**Information provided:**
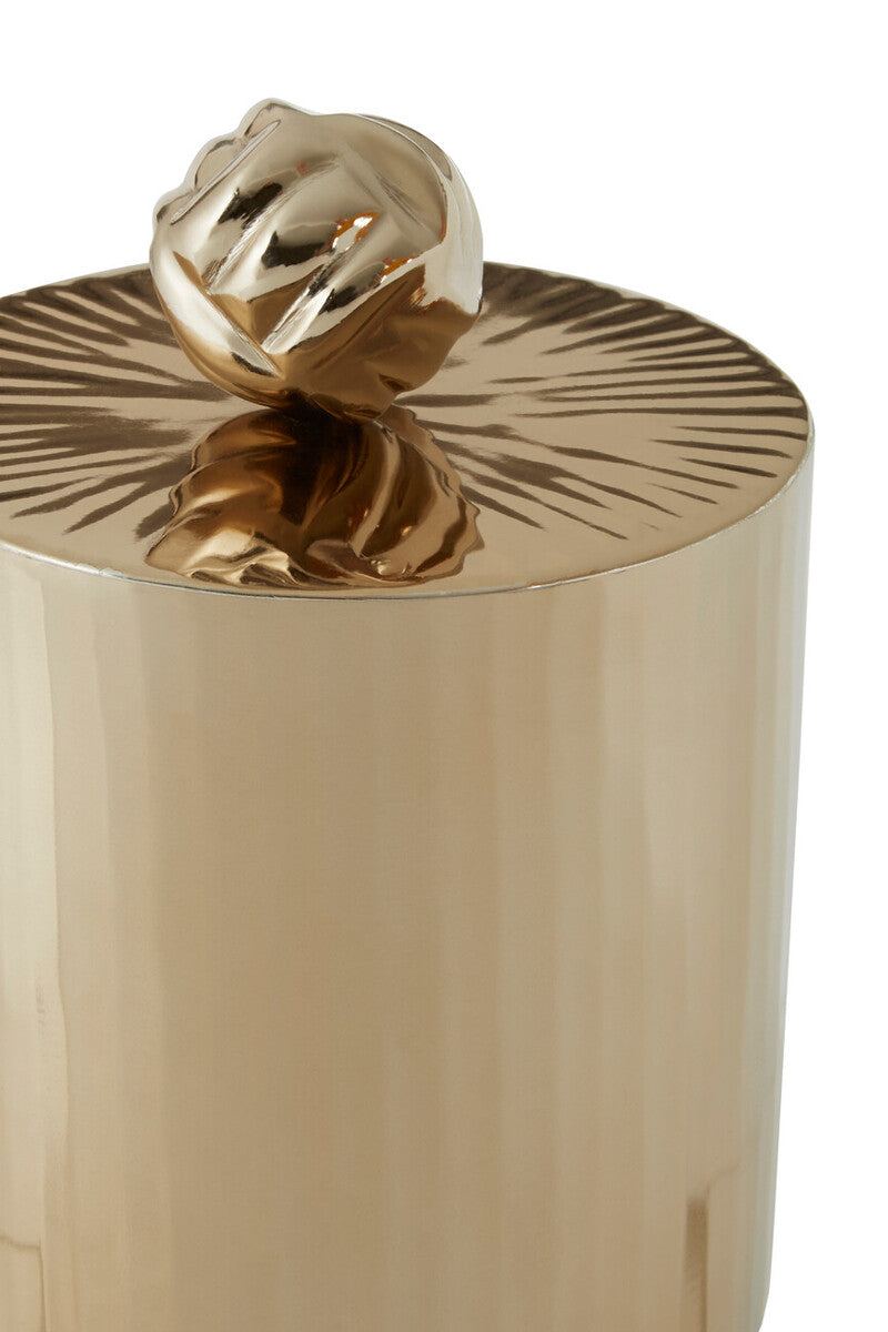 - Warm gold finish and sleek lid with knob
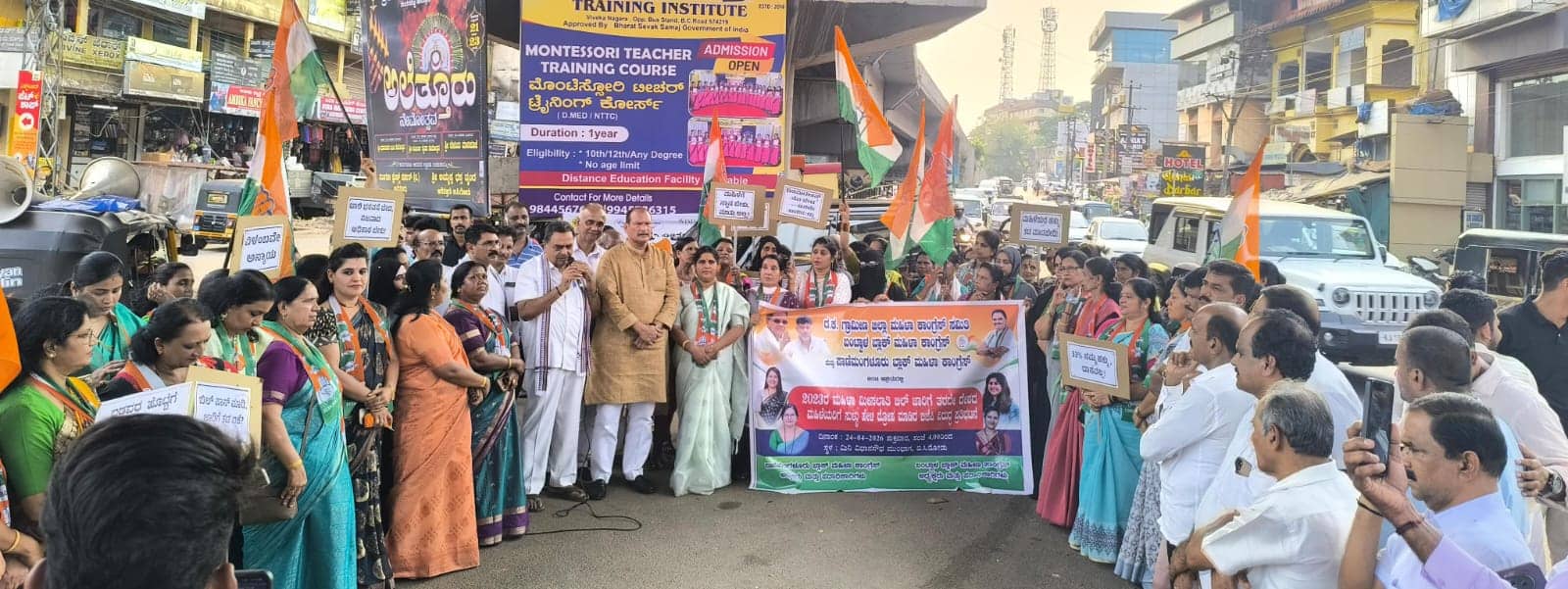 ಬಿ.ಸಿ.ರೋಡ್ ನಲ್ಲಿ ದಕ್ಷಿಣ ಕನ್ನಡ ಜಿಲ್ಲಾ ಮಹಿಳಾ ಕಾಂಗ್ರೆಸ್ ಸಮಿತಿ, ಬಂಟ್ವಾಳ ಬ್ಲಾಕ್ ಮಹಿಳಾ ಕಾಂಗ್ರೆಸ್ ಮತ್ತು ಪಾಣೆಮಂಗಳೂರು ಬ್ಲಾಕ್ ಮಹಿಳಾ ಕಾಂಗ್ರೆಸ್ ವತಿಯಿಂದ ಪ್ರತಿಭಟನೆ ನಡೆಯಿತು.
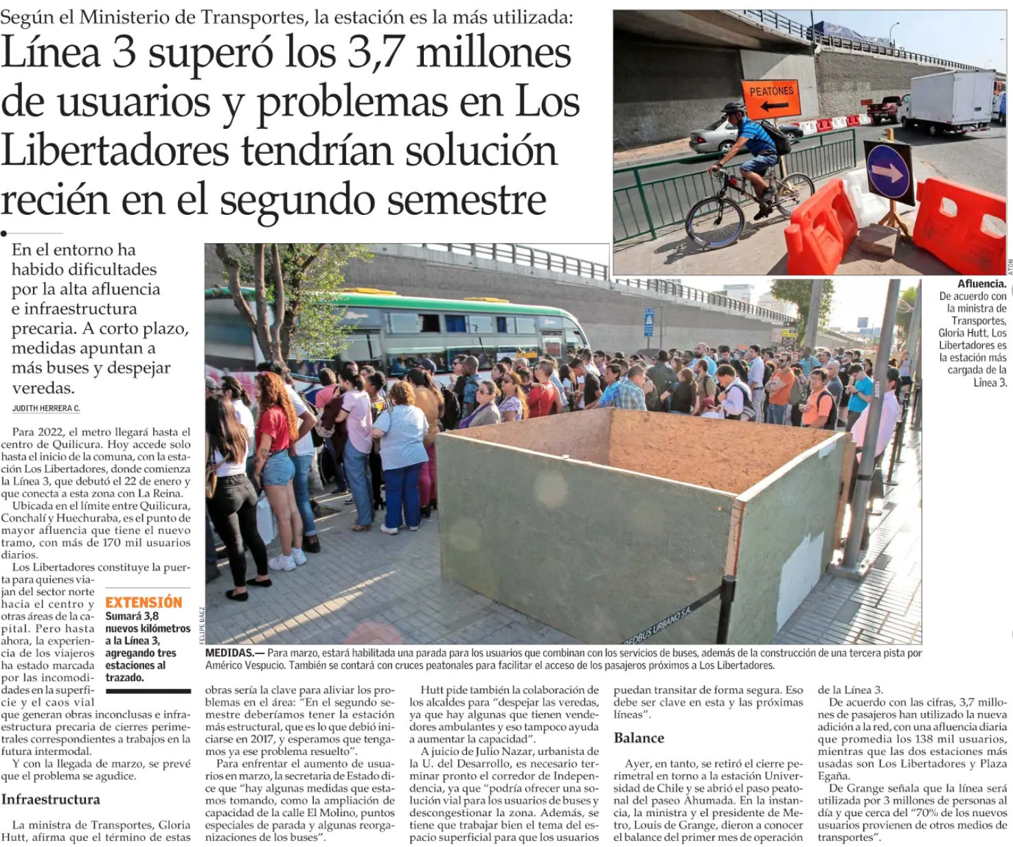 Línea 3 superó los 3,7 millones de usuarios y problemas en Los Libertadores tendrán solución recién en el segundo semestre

**Exercise instructions:**
Please produce an exact copy of the listing, omitting the pictures.

**Response for this exercise:**
 - Warm gold finish and sleek lid with knob
 ಬಿ.ಸಿ.ರೋಡ್ ನಲ್ಲಿ ದಕ್ಷಿಣ ಕನ್ನಡ ಜಿಲ್ಲಾ ಮಹಿಳಾ ಕಾಂಗ್ರೆಸ್ ಸಮಿತಿ, ಬಂಟ್ವಾಳ ಬ್ಲಾಕ್ ಮಹಿಳಾ ಕಾಂಗ್ರೆಸ್ ಮತ್ತು ಪಾಣೆಮಂಗಳೂರು ಬ್ಲಾಕ್ ಮಹಿಳಾ ಕಾಂಗ್ರೆಸ್ ವತಿಯಿಂದ ಪ್ರತಿಭಟನೆ ನಡೆಯಿತು.
 Línea 3 superó los 3,7 millones de usuarios y problemas en Los Libertadores tendrán solución recién en el segundo semestre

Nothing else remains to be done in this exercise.